BPK Dorong Provinsi Kepri Rebut WTP

312
Pesona Indonesia
Ketua BPK RI, Harry Azhar Azis. foto:net
Ketua BPK RI, Harry Azhar Azis. foto:net

batampos.co.id – Ketua Badan Pemeriksa Keuangan (BPK) RI, Harry Azhar Aziz mendorong seluruh daerah di Provinsi Kepri merebut predikat Wajar Tanpa Pengecualian (WTP) untuk laporan pertanggungjawab keuangan Tahun Anggaran (TA) 2016.

“Kita berharap Kepri menjadi yang terbaik di untuk pelaporan pertanggungjawaban keuangan Tahun Anggaran (TA) 2016 ini,” ujar Harrry Azhar Aziz dalam sambutannya saat ramah tamah bersama Gubernur Kepri, Nurdin Basirun di Gedung Daerah, Tanjungpinang, Senin (3/10).
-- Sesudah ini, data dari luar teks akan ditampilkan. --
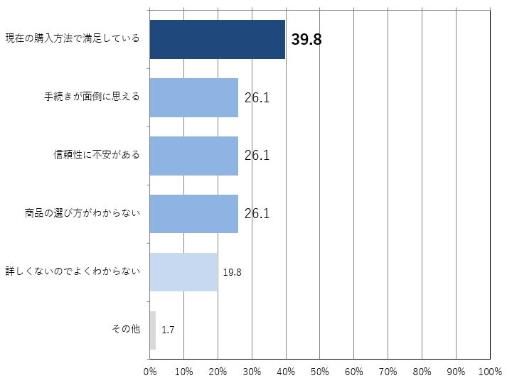 「運用会社」から投資信託を直接購入することを知っていても利用したことがない理由としては、「現在の購入方法で満足している(39.8%)」が最も多く、「信頼性に不安がある(26.1%)」や「手続きが面倒に思える(26.1%)」といった回答もあり、証券会社のサービスに満足する声や、運用会社に対して漠然とした懸念を感じる投資家がいることが読み取れます。

Menurut Harry, meskipun Perwakilan BPK Provinsi Kepri klasnya C, akan tetapi memiliki jumlah auditor yang lebih dari dua personal. Mantan legislator DPR RI tersebut menggaris bawahi, tidak dapatnya predikat WTP oleh Kabupaten Natuna dan Kabupaten Lingga adalah karena persoalan peralihan aset.

“Sekarang masih ada waktu tiga bulan kedepan untuk TA 2016. Mudah-mudahan baik Provinsi Kepri maupun Kabupaten/Kota semuanya mendapatkan WTP,” papar Harry.

Ditegaskannya, meskipun dirinya adalah putra Provinsi Kepri, tidak menjadi jaminan Kepri akan menjadi yang terbaik. Karena hasil pemeriksaan BPK Perwakilan Kepri harus melalui pemeriksaan di Inspektorat.

Masih kata Harry, dari tujuh kabupaten/kota di Kepri, hanya Lingga yang belum pernah mengecap gelar WTP. Untuk mewujudkan mimpi seluruh daerah di Kepri menyabet WTP, perlu perhatian Gubernur untuk Kabupaten Lingga dan Natuna.

Harry juga menyinggung terkait hasil rekomendasi BPK terhadap Laporan Hasil Pemeriksaan (LPH) daerah yang paling tinggi persentasenya adalah Tanjungpinang, yakni 90 persen untuk menyelesaikan rekomendasi tersebut.

“Kemudian ada Kabupaten Bintan. Sedangkan Provinsi Kepri berada diurutan ketiga dalam menyelesaikan rekomendasi tersebut,” ungkap Harry.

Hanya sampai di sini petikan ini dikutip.